Stored data:
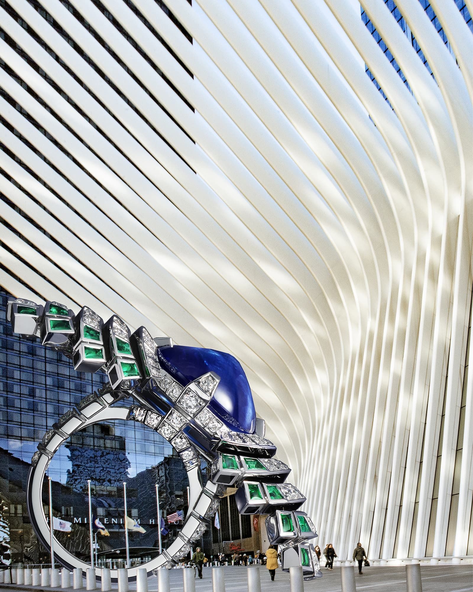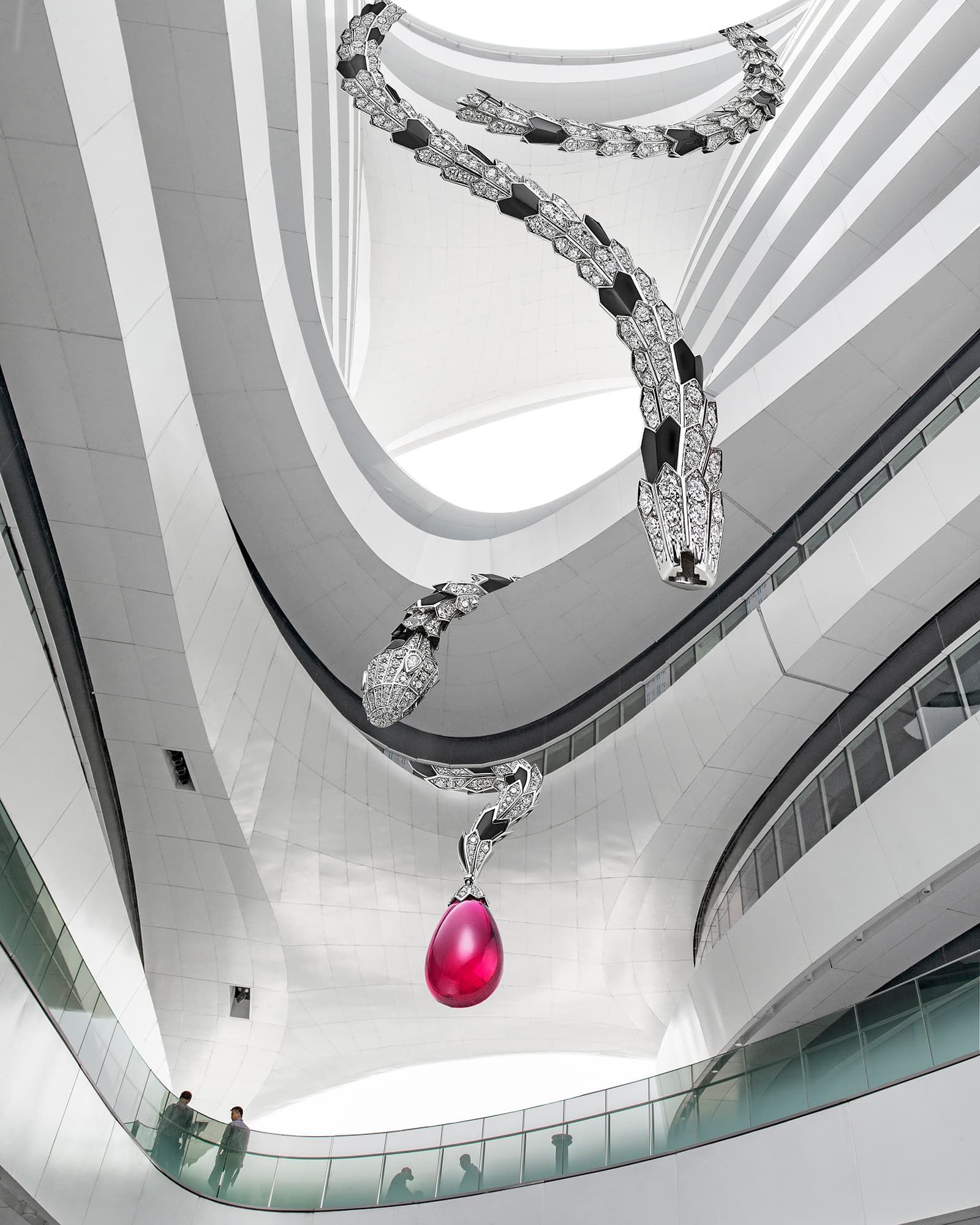 The curves of a building blend with a Bulgari Serpenti high jewel in this ‘archellery’ artwork by Veronica Morales Angulo
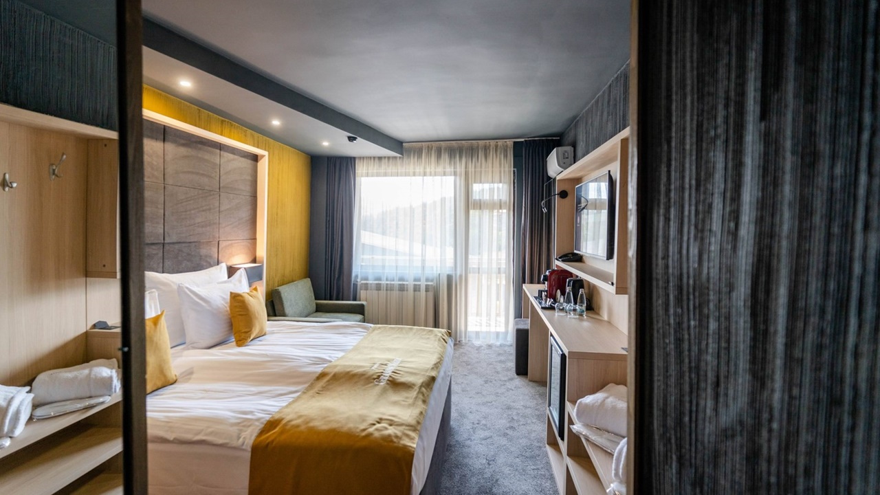 - двойна стая делукс - помещението разполага със спалня и разтегателен фотьойл и балкон, 28 кв.м.
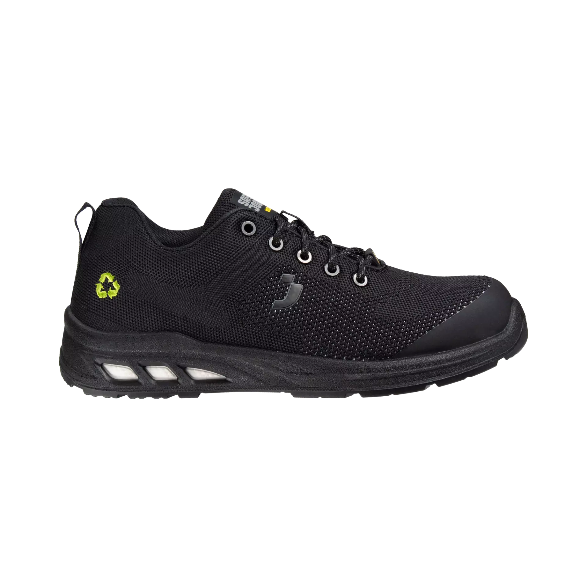 The ECOFITZ S1P safety shoe combines environmental responsibility with exceptional performance for light industrial applications. Made from recycled materials, this highly breathable shoe features a knitted recycled textile upper and recycled mesh lining that optimize airflow while maintaining protection. The steel toe cap and midsole provide reliable safety against impacts and punctures, while the slip-resistant PU outsole ensures stable footing on various surfaces.

What is needed: The answer should match the data above word for word, with no pictures in it.

Response area:
 The curves of a building blend with a Bulgari Serpenti high jewel in this ‘archellery’ artwork by Veronica Morales Angulo
 - двойна стая делукс - помещението разполага със спалня и разтегателен фотьойл и балкон, 28 кв.м.
 The ECOFITZ S1P safety shoe combines environmental responsibility with exceptional performance for light industrial applications. Made from recycled materials, this highly breathable shoe features a knitted recycled textile upper and recycled mesh lining that optimize airflow while maintaining protection. The steel toe cap and midsole provide reliable safety against impacts and punctures, while the slip-resistant PU outsole ensures stable footing on various surfaces.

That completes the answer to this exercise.